[ARM] Should Use Load and Store with Register Offset

Hello LLVM Community (specifically anyone working with ARM Cortex-M),

While trying to compile the Newlib C library I found that Clang10 was generating slightly larger binaries than the libc from the prebuilt gcc-arm-none-eabi toolchain. I looked at a few specific functions (memcpy, strcpy, etc.) and noticed that LLVM does not tend to generate load/store instructions with a register offset (e.g. ldr Rd, [Rn, Rm] form) and instead prefers the immediate offset form.

When copying a contiguous sequence of bytes, this results in additional instructions to modify the base address. https://godbolt.org/z/T1xhae

void* memcpy_alt1(void* dst, const void* src, size_t len) {
char* save = (char*)dst;
for (size_t i = 0; i < len; ++i)
((char)(dst + i)) = ((char)(src + i));
return save;
}

clang --target=armv6m-none-eabi -Os -fomit-frame-pointer

memcpy_alt1:
push {r4, lr}
cmp r2, #0
beq .LBB0_3
mov r3, r0
.LBB0_2:
ldrb r4, [r1]
strb r4, [r3]
adds r1, r1, #1
adds r3, r3, #1
subs r2, r2, #1
bne .LBB0_2
.LBB0_3:
pop {r4, pc}

arm-none-eabi-gcc -march=armv6-m -Os

memcpy_alt1:
movs r3, #0
push {r4, lr}
.L2:
cmp r3, r2
bne .L3
pop {r4, pc}
.L3:
ldrb r4, [r1, r3]
strb r4, [r0, r3]
adds r3, r3, #1
b .L2

Because this code appears in a loop that could be copying hundreds of bytes, I want to add an optimization that will prioritize load/store instructions with register offsets when the offset is used multiple times. I have not worked on LLVM before, so I’d like advice about where to start.

  • The generated code is correct, just sub-optimal so is it appropriate to submit a bug report?

  • Is anyone already tackling this change or is there someone with more experience interested in collaborating?

  • Is this optimization better performed early during instruction selection or late using c++ (i.e. ARMLoadStoreOptimizer.cpp)
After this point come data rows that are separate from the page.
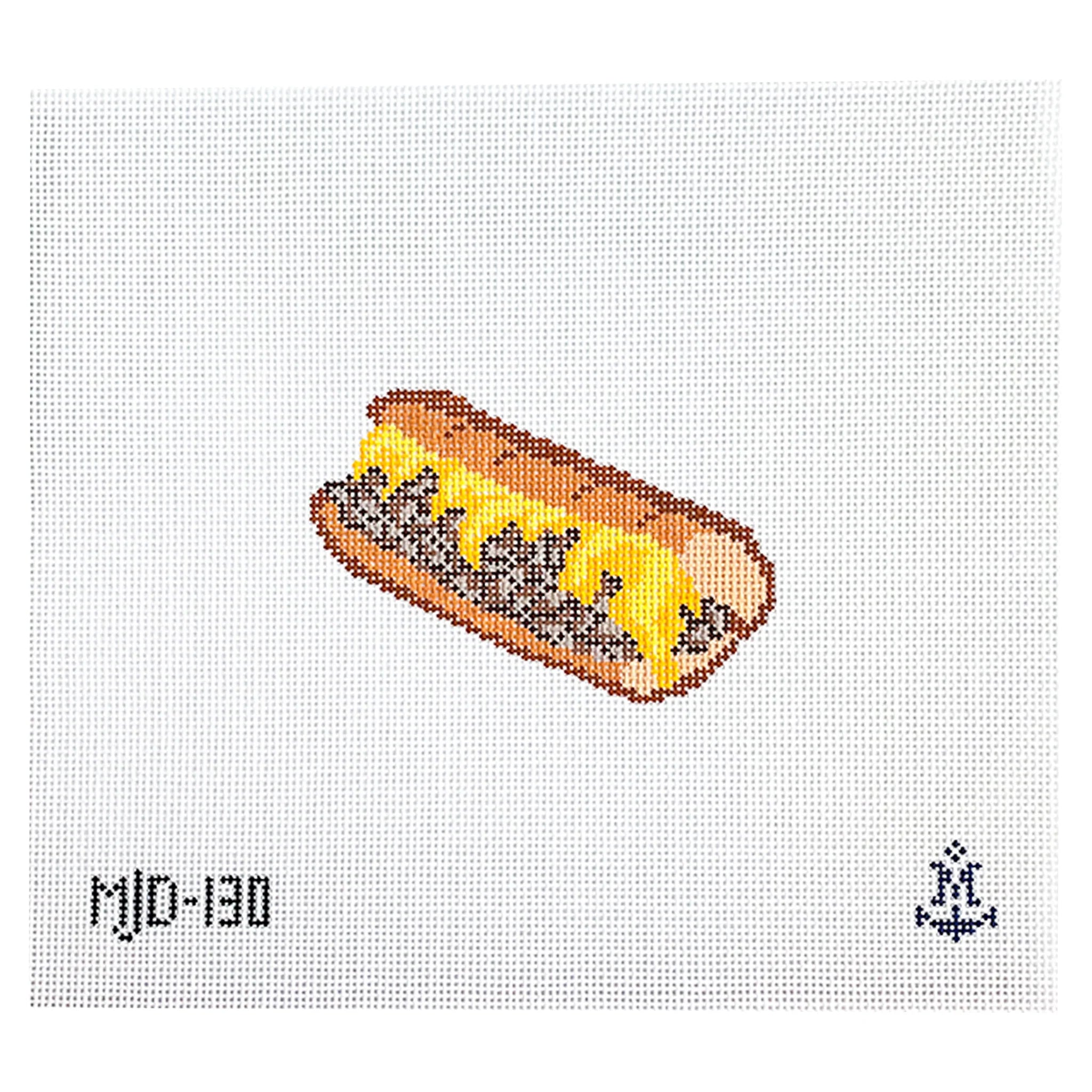 This hand painted needlepoint canvas by Morgan Julia features a cheesy Philly cheesesteak.
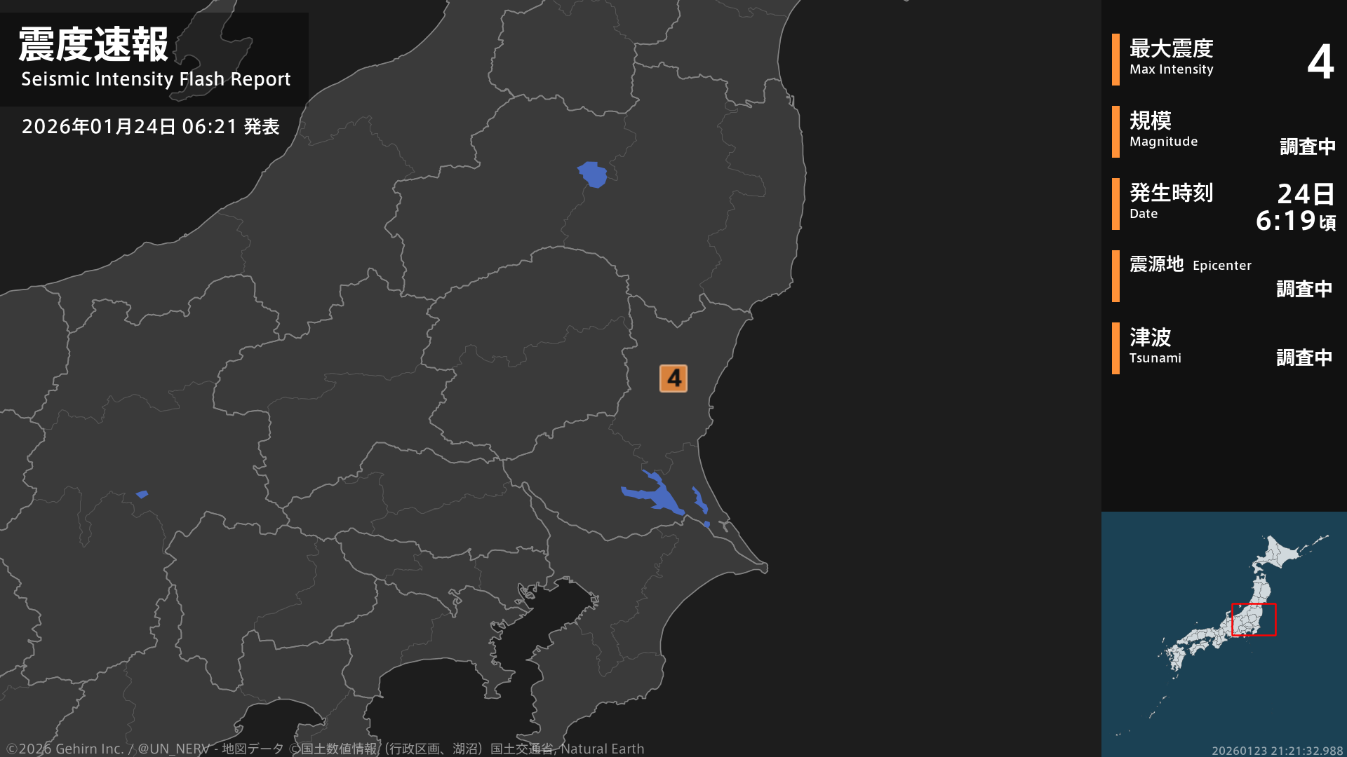 【緊急地震速報 第6報 2026年1月24日】
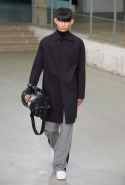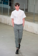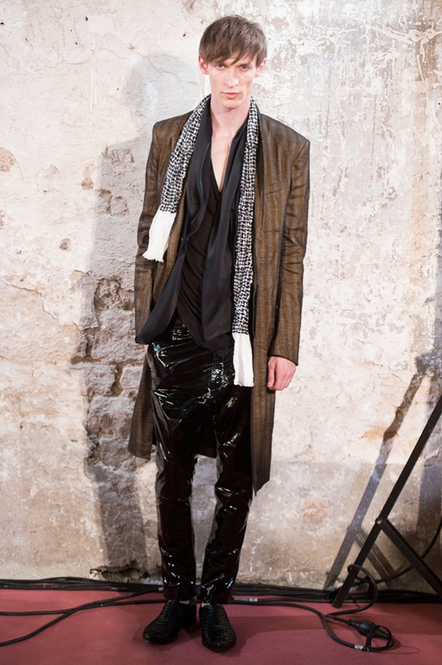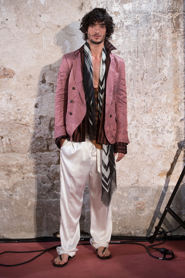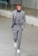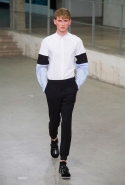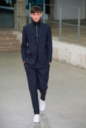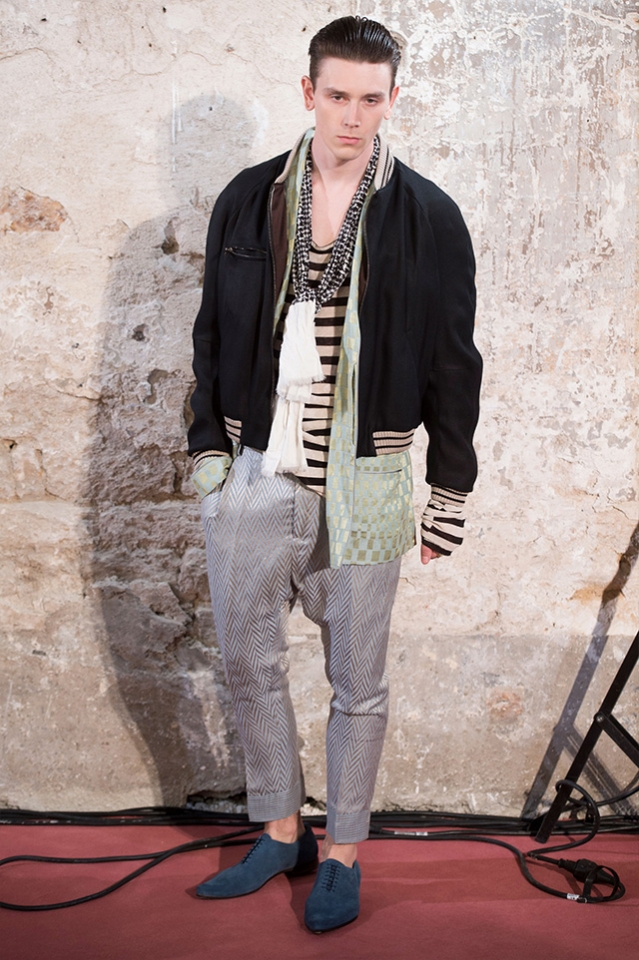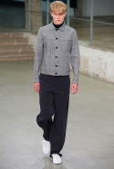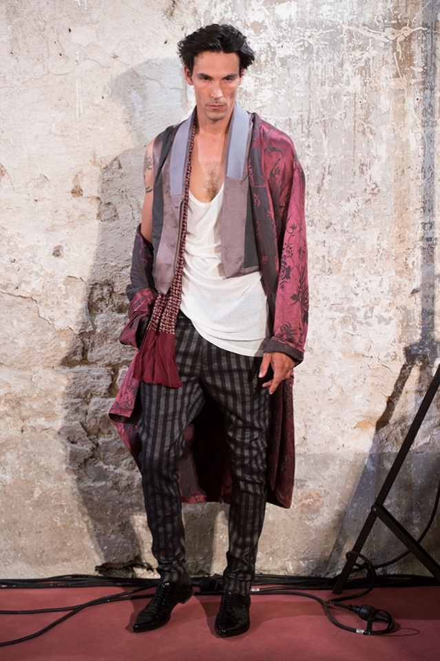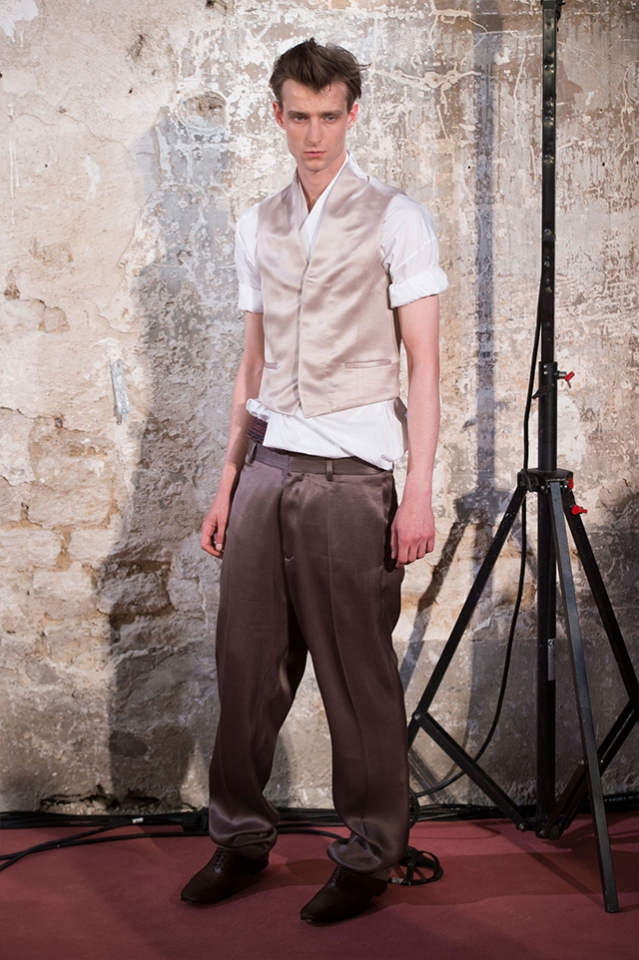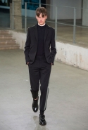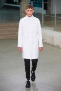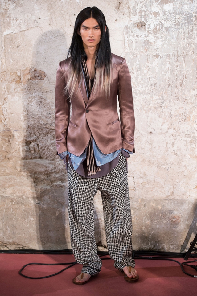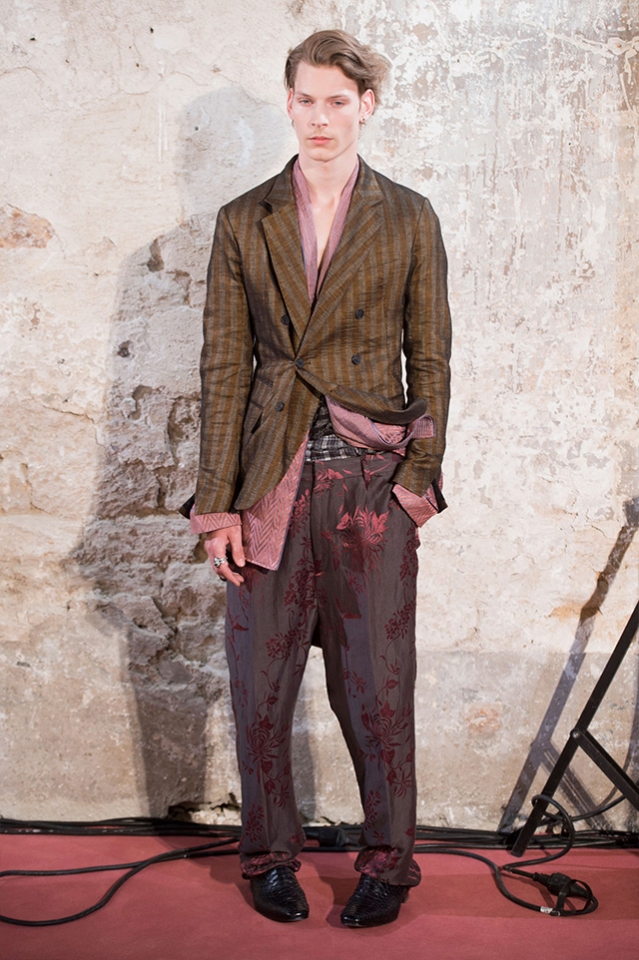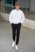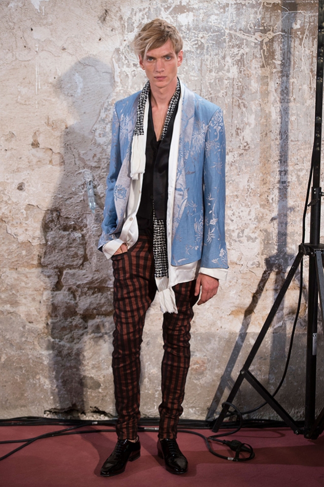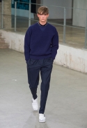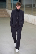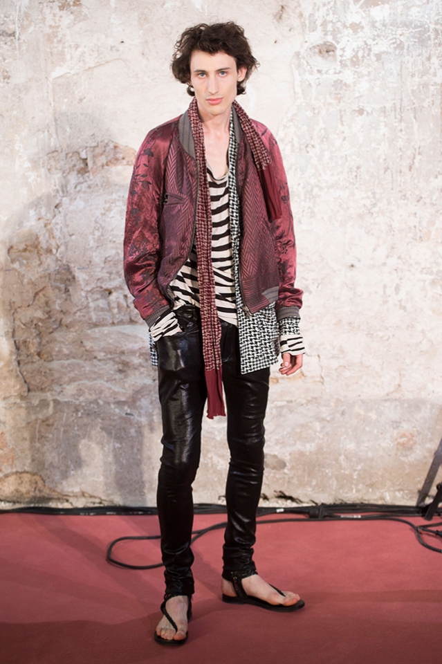 Небольшая коллекция, которую наравне с мужчинами-моделями представляли Саския де Брау и Лия Кебеде, стала идеальным воплощением стиля творческой богемы времен молодости Патти Смит и Роберта Мэпплторпа. Некоторые герои коллекции будто только что встали с постели — или матраса на полу в мастерской, который успешно ее заменяет, — накинув на пижаму первое, что попалось под руку. Другие похожи на рок-н-ролльщиков со стажем, которые никогда не изменяют разве что узким кожаным брюкам, а в личной жизни руководствуются другими правилами. Дизайнер смело смешивает текстуры, создавая расслабленные и будто случайные образы. Особенно хороша полоска, которая напоминает не столько о классическом морском стиле, сколько о карикатурных тюремных робах.
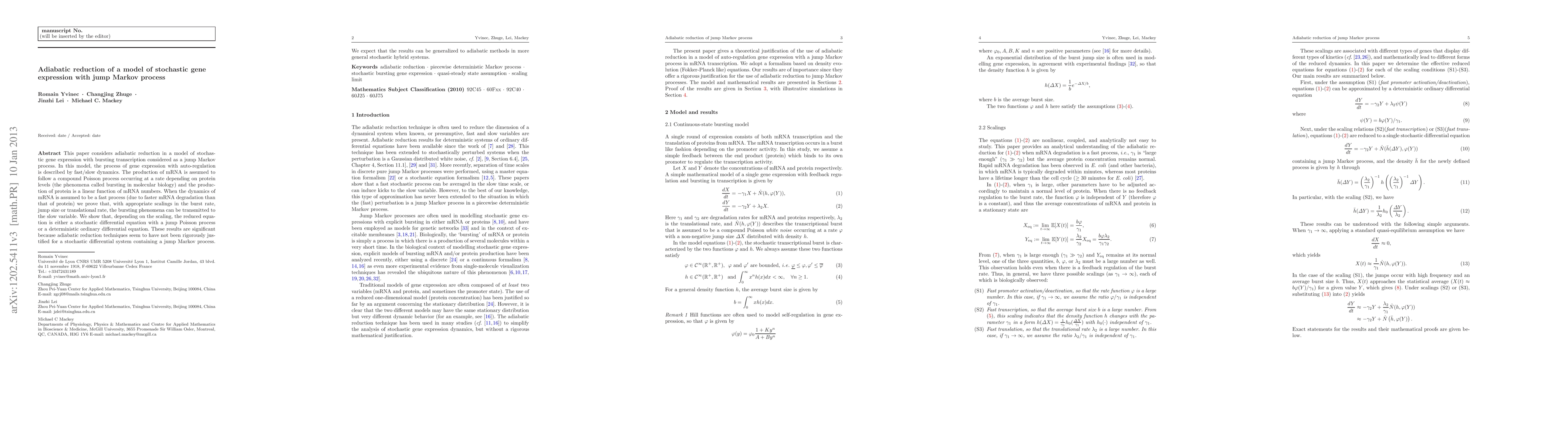 This paper considers adiabatic reduction in a model of stochastic gene expression with bursting transcription considered as a jump Markov process. In this model, the process of gene expression with auto-regulation is described by fast/slow dynamics. The production of mRNA is assumed to follow a compound Poisson process occurring at a rate depending on protein levels (the phenomena called bursting in molecular biology) and the production of protein is a linear function of mRNA numbers. When the dynamics of mRNA is assumed to be a fast process (due to faster mRNA degradation than that of protein) we prove that, with appropriate scalings in the burst rate, jump size or translational rate, the bursting phenomena can be transmitted to the slow variable. We show that, depending on the scaling, the reduced equation is either a stochastic differential equation with a jump Poisson process or a deterministic ordinary differential equation. These results are significant because adiabatic reduction techniques seem to have not been rigorously justified for a stochastic differential system containing a jump Markov process. We expect that the results can be generalized to adiabatic methods in more general stochastic hybrid systems.

  • What is the potential to cause harm to other parts of the code gen, specifically for other arm targets. I’m working with armv6m, but armv7m offers base register updating in a single instruction. I don’t want to break other useful optimizations.
    So far, I am reading through the LLVM documentation to see where a change could be applied. I have also:

  • Compiled with -S -emit-llvm (see Godbolt link)
    There is an identifiable pattern where a getelementptr function is followed by a load or store. When multiple getelementptr functions appear with the same virtual register offset, maybe this should match a tLDRr or tSTRr.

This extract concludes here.